Register for "A Guide to Data Products: Everything You Need to Understand, Plan, and Implement" - Friday, May 31,1:00 p.m. ET

What to Expect in 2021: Ten Predictions to Ring in the New Year

(To view or download this article in an infographic format, click here.)

Every December, Eckerson Group fulfills its industry obligation to summon its collective knowledge and insights about data and analytics and speculate about what might happen in the coming year. The diversity of predictions from our research analysts and consultants exemplifies the breadth of their research and consulting experiences and the depth of their thinking. Predictions from Kevin Petrie, Joe Hilleary, Dave Wells, Andrew Sohn, and Sean Hewitt range from data and privacy governance to artificial intelligence with stops along the way for DataOps, data observability, data ethics, cloud platforms, and intelligent robotic automation. 

Lessons Learned from 2020

But first, let me ponder the lessons we’ve learned from the extraordinary events of 2020 and speculate how those lessons will shape our future. One thing we know is that the pandemic and concomitant recession will slowly fade into the dustbin of history, but not without fundamentally restructuring the way we work, shop, socialize, and value what’s important. If nothing else, the past nine months have taught us to hold our loved ones close, value our friends and neighbors, and give thanks for the joys and conveniences of modern life that we often take for granted, such as the ability to travel where and when we want, dine out with friends and family, collaborate with colleagues face-to-face at work, and revel in the communal experience of attending live concerts, plays, athletic games, and other events.

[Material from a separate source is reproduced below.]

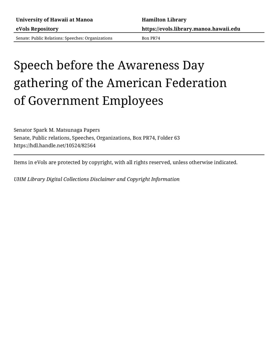 - Speech before the Awareness Day gathering of the American Federation of Government Employees

My daughter, who found her calling as a wine educator,... is now a Napa Valley refugee.


Hopefully, we’ve also recognized the importance of nursing our planet back to health. Rising carbon dioxide emissions are causing volatile and destructive shifts in weather, violent storms, rising sea levels, and unseasonably hot and dry temperatures that are fueling record-breaking fires in Australia and the western United States. My daughter, who found her calling as a wine educator in Napa Valley, which she adored for its beauty, culture, and climate, is now a Napa Valley refugee. She fled east this fall to escape the perpetual fires, power outages, rising temperatures, and drought conditions that she believes will eventually spell the end of wine country. She is mourning her once chosen path.

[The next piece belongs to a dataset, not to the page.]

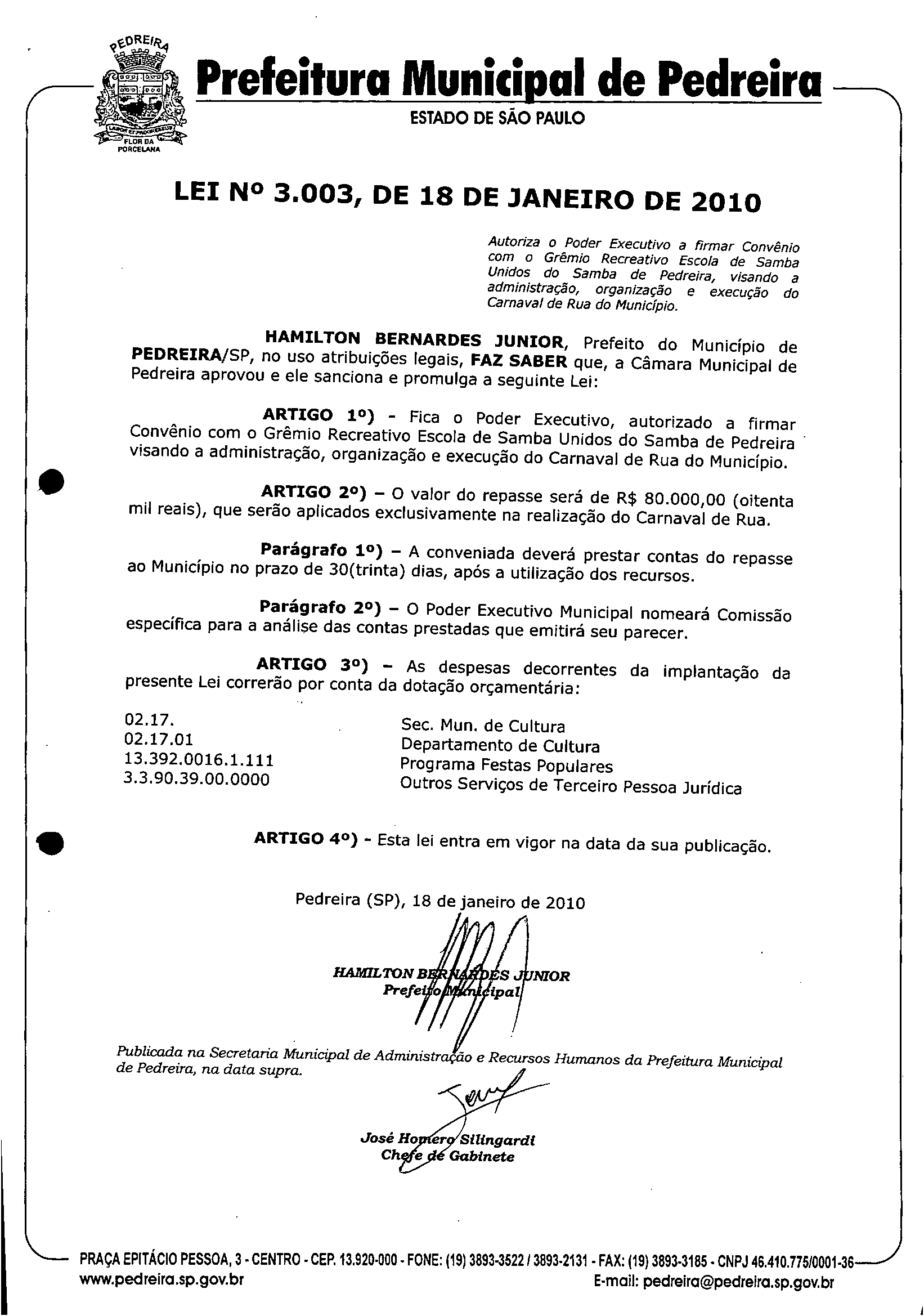 Lei Municipal - N° 3003 de 18/01/2010

Data for Good. So what does all this have to do with data and analytics? Well, nothing and everything. Can we use data to improve our society and planet? On an individual basis, maybe not, unless we perform pro bono work for non-profits, something that a few of us here at Eckerson Group do. But at the corporate level, if we pool our resources, we can accomplish amazing things. Check out Kevin Petrie’s new report “Data for Good: Corporate Initiatives to Improve Social and Economic Well-Being.” The report examines various initiatives from data analytics vendors and data-savvy enterprises to harness data for public good. Your colleagues in this dynamic profession are using their work hours to make the world a better place.

#1. Work-Life Balance 

So my wish for 2021—I hesitate to call it a prediction—is that once the pandemic subsides, we think twice before plunging headlong into our old ways of working and living. Do we really need to hop on an airplane to attend an event or meeting? Do we really want to sacrifice family time in favor of a long commute each day? Can we allocate more time to our physical health and spiritual and emotional well-being? Can we devote several hours each month to a local cause, as we at Eckerson Group strive to do? It’s my wish that we take charge of our personal and professional lives and establish a proper balance between the two. The pandemic has enabled us to hit the reset button. (See “The Time Has Come: A Manifesto for Change.”) Let’s not waste this opportunity to make sure we put the things we cherish at the center of our lives. (Wayne Eckerson.)

#2. AI Marketplaces Drive AI Adoption and Monetization

As enterprises apply artificial intelligence (AI) to a rising portion of their business processes, they will look outside their organizations for the right algorithms. AI creators, meanwhile, will look to monetize their handiwork. These forces of supply and demand will find their equilibrium in AI marketplaces. Unlike open-source communities and libraries, AI marketplaces will enable enterprises and individuals to exchange AI models for profit. Business managers will find and buy them; data scientists can create and sell them; developers will use and integrate them with their applications. AI marketplaces, while in their infancy, make sense because one AI algorithm can be adapted to address many business scenarios. Startups such as Bonseyes and SeeMei.ai, and established vendors such as IBM and C3, will raise their profile – and prompt Cloud Service Providers to get in on the action. (Kevin Petrie.)

#3. Intelligent Process Automation (IPA) Takes Root

The first generation of robotic process automation (RPA) focused on automating discrete and straightforward, albeit time-consuming, tasks. Companies automated simple “if-then-else” rules to eliminate or scale data entry and other non-value-added manual work. Enterprises are now looking beyond these piecemeal implementations to automate entire business processes, not just those components that can be done with simple logic. To do this, RPA will morph into IPA and be coupled with AI and ML capabilities, such as Natural Language Processing (NLP), Text and Image Recognition, and Predictive Analytics. These cognitive capabilities are being added or integrated into products from the major vendors, such as Blue Prism, UIPath and Automation Anywhere. While the classic RPA functionality can perform simple actions, the new cognitive functions will enable more complex and flexible business logic. Low-code vendors, such as Appian and OutSystems, will integrate or partner with the classic RPA vendor to complete the end-to-end business process capabilities. (Andrew Sohn).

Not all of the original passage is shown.